For those of you who do not have an idea of how bad things are in the state here is an excerpt that will get you up to speed in no time at all.
“It looks like things are getting much, much worse for the schoolteachers in the state of California. We have been talking a lot, in the last couple of weeks and months about the kinds of cuts that are being made to the schools in the state. In a lot of cases those cuts are being made in generic terms we know how many workers are going to be let go, but we do not know how many of them will be classroom teachers. Today we had some light shed on those numbers.
According to information released by the California Teachers Association an estimated 19,500 classroom teachers were given layoff notices over the past couple of weeks. The layoff notices had to be given by the 15th of March in order to be legal under the laws of the state of California. So if an educator did not get a layoff notice by that date then they are free and clear, at least until next years deadline.
The cuts, which are coming because of the need to cut 20 Billion in funding from the state education budget. Unless the schools get a tax increase from voters in the near future, which is on the ballet, the schools will have to make these cuts, which average out to about $370 per student in the state.
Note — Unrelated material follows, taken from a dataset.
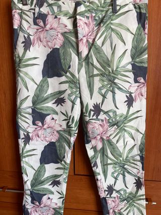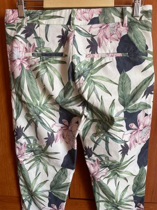 Pantalón pitillo con un llamativo estampado floral sobre fondo blanco. Su diseño es moderno y alegre. Nuevo, sin estrenar. - Corte pitillo. - Estampado de flores y hojas tropicales. - Cintura con trabillas.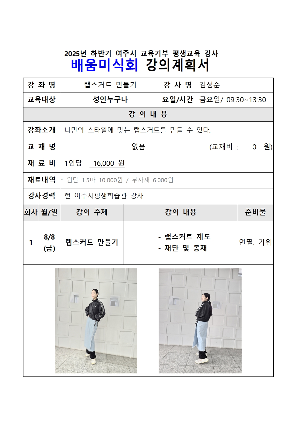 배움미식회 2025년 하반기 배움미식회 랩스커트 만들기

The only good news for schools is that the number of enrolled students at California schools is, depending on where you live, either staying stable or shrinking.”
Of those 9,500 are expected to come from the school district in the city of Los Angeles and those layoffs are in contest. On Monday the administrative hearings about the layoffs began this week. The hearing are set to determine which of the jobs will exactly will cut. The schools have been very clear to emphasis that not everyone who got a pink slip will be on the way out the door, as the schools have been playing a conservative strategy. They sent out layoff notices to a worst case scenario number of workers and then seeing where else they can make cuts in order to recover the job.
In the case of the city of LA the budget hole to plugged up is a serious one, with about $390 million more to be spent in the budget then they have to spend, if no workers are cut. Of course a similar situation happened last year, as the stimulus began to taper off. In 2011 about 7,300 layoff notices were sent out to LA educators. In that case almost 50 percent of the people who were given a layoff notice were were able to keep their jobs. Will the same thing happen this time? We won’t know until the hearings come to an end, and the pink slips that are going to be implemented are begun.